Но Уильям очень сомневался, что императрица Цыси, даже узнай она об их беде, прикажет солдатам выручать англичан. К тому же она ничего не узнает, поскольку Синклер успел объяснить, что все телеграфные провода перерезаны мятежниками.

Пришлось осторожно сообщить жене о невозможности связаться с Пекином.

– Вздор, – в страхе пробормотала леди Гленкарти. – Я отказываюсь этому верить! Я…

Уильям Харленд промокнул лоб платком. Позади догорало здание виллы. Слуги удрали. Обезумевшие лошади разбежались в разные стороны. Он отвечает за жизнь трех женщин, две из которых безмерно ему дороги. Здравый смысл подсказывал, что спасти их можно только с помощью Льюиса Синклера, а тот сказал, что уезжает из Пекина.

Холодный озноб прошел по его спине. Если Синклер продолжит путь, бросив их на произвол судьбы, их неминуемо ждет жестокая смерть. Летиция задыхается, даже пройдя несколько шагов от экипажа до прохлады своих комнат. Она никогда не сможет проделать пешком обратное путешествие до Пекина в жаре и пыли. Ей нужна лошадь Синклера, а всем им необходима защита его оружия. Решившись, он пригвоздил стальным взглядом леди Гленкарти:

– В качестве моей гостьи, Кларисса, вы обяжете меня, если подчинитесь всем требованиям.

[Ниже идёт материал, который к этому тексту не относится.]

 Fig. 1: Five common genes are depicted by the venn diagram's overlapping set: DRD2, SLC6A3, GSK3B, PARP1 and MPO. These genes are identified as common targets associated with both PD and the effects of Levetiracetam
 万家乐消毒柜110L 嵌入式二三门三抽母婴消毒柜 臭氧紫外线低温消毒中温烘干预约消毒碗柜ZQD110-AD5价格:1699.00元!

Леди Гленкарти ахнула, открыла рот и… впервые в жизни промолчала.

Уильям Хартленд повернулся к племяннице:

– Куда ушел доктор Синклер?

– К привратницкой, – встревожено ответила Оливия. – Дядя Уильям, но если телеграфные провода уничтожены, значит, местность между Западными холмами и Пекином кишит «боксерами»!

– Придется рискнуть, – вздохнул дядя, с опаской оглядываясь на жену. – Оставаться здесь – непоправимая глупость. «Боксеры» не могли уйти далеко и вскоре вернутся посмотреть, чем еще можно поживиться.

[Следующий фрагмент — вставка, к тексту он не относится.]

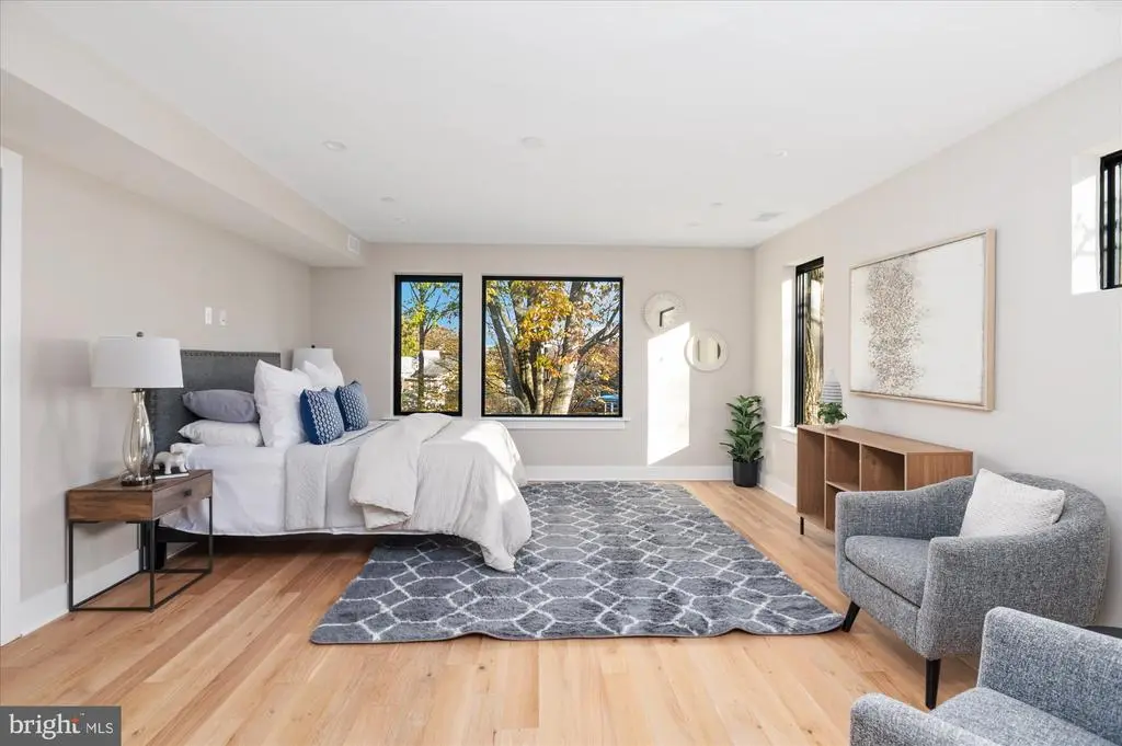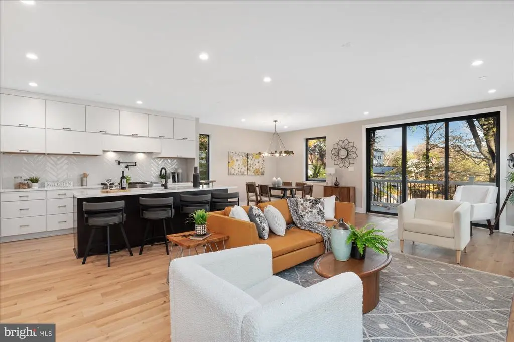 Reimagined, expanded, and masterfully redesigned, this exceptional new construction in Chevy Chase, DC, seamlessly blends timeless Colonial charm with clean, modern sophistication. Curated by JDM Design Studio, the interiors strike a perfect balance between classic elegance and contemporary comfort, ideal for today's lifestyle. The main level welcomes you with beautifully finished wood floors and a thoughtfully designed layout, featuring a comfortable formal living room, an elegant dining room, a butler's pantry, a whimsical powder room, and a spacious walk-in pantry. A charming side entry hall enhances the flow and functionality of the space. The heart of the home is a stunning gourmet kitchen outfitted with high-end appliances and designer finishes, opening seamlessly to a large family room. Sliding doors lead to a large rear deck overlooking a fenced backyard and a 12' x 20' off-street parking pad, pre-wired for an EV charger. Upstairs, the second level offers three generously sized bedrooms and three full bathrooms, including a luxurious primary suite with a spa-like bathroom and two expansive walk-in closets. A dual-entry laundry room adds everyday convenience. The third-level loft is a true showpiece, featuring 14-foot ceilings, a spacious second family or media room, two additional bedrooms, two full bathrooms, and a covered rooftop deck with a wood-paneled ceiling, perfect for relaxing or entertaining while enjoying sweeping rooftop and treetop views. The walk-out lower level provides even more flexible living space, complete with a full bedroom, 1.5 bathrooms, a large recreation room, a second laundry area, and a mudroom with direct access to the backyard and parking pad. Ideally located just five blocks from the shops, dining, and amenities of Connecticut Avenue, and only three blocks from Lafayette Elementary and Broad Branch Market, this beautifully crafted home offers refined design, generous space, and an unbeatable location in one of DC's most desirable neighborhoods.
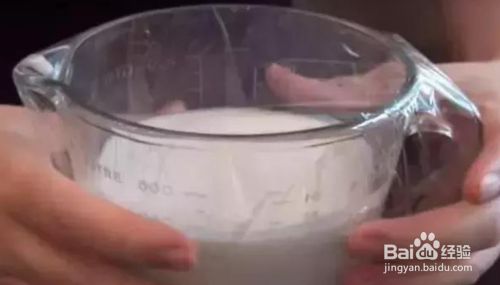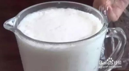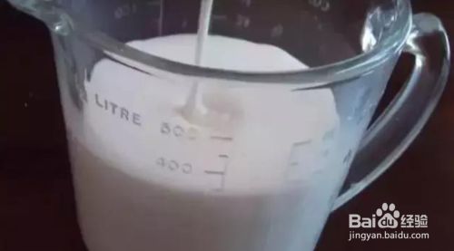 将面液放到30度左右(不烫手即可),放入半茶匙酵母,搅拌均匀后,倒入量杯中,这是为了观察面液的发酵程度,而且量杯的尖嘴方便倒出。当然也可以用其它容器。
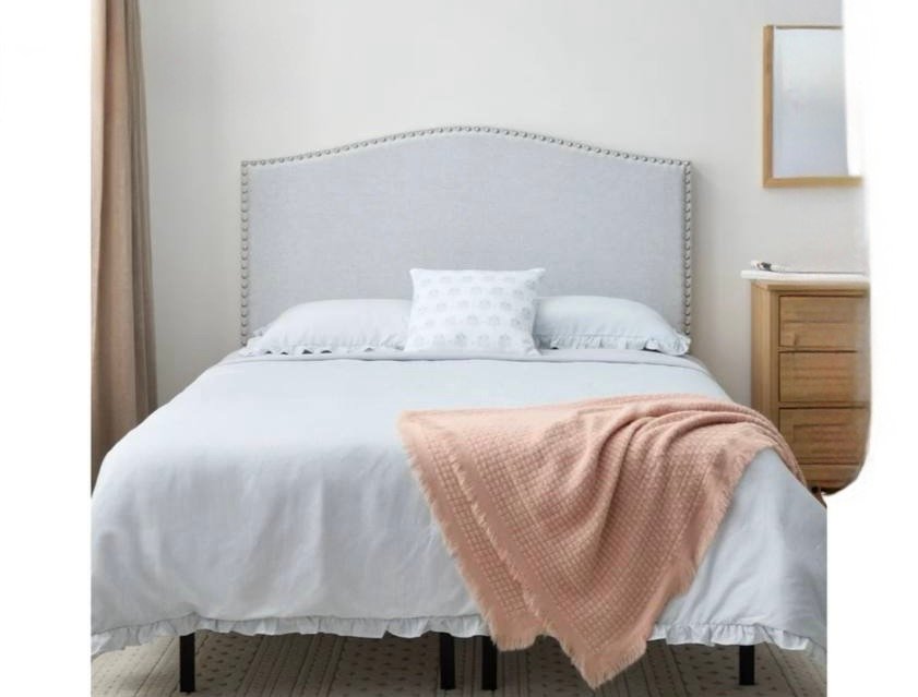 My Texas House Kennedy Nailhead Trim Curved Upholstered Headboard, Light Gray

Оливия испуганно оглянулась, почти ожидая увидеть бегущие к ним фигуры в красных головных повязках.

– Кроме того, наш долг сделать все, чтобы в Пекин сообщили о произошедшем. Когда я в последний раз говорил с сэром Клодом, тот считал, что «боксеры» сосредоточены в провинциях Чжили и Шаньси. Их появление так далеко на юге означает одно: они задумали напасть на город.

Оливия побледнела. В городе жили четыреста европейцев. Многие были миссионерами, чья жизнь вращалась вокруг соборов и церквей, больниц и приютов. Остальные – дипломаты, такие как сэр Клод Макдоналд и американский посланник мистера Эдвина Конгера. Оба приехали с женами и детьми. Находились там и холостяки вроде Филиппа.

Сердце девушки сжалось. Возможно, именно сейчас «боксеры» идут на Пекин, чтобы без предупреждения напасть на беззащитных людей.

– Дядя, что требует от нас мистер Синклер?

Уильям поблагодарил Бога за то, что племянница так быстро поняла всю серьезность их положения и не впала в истерику.

– На его взгляд, мы должны отправиться в Пекин пешком. Если будем идти всю ночь, к рассвету окажемся на месте.

– Но тетя Летиция не в состоянии пройти пятнадцать миль по неровной дороге! – запротестовала Оливия.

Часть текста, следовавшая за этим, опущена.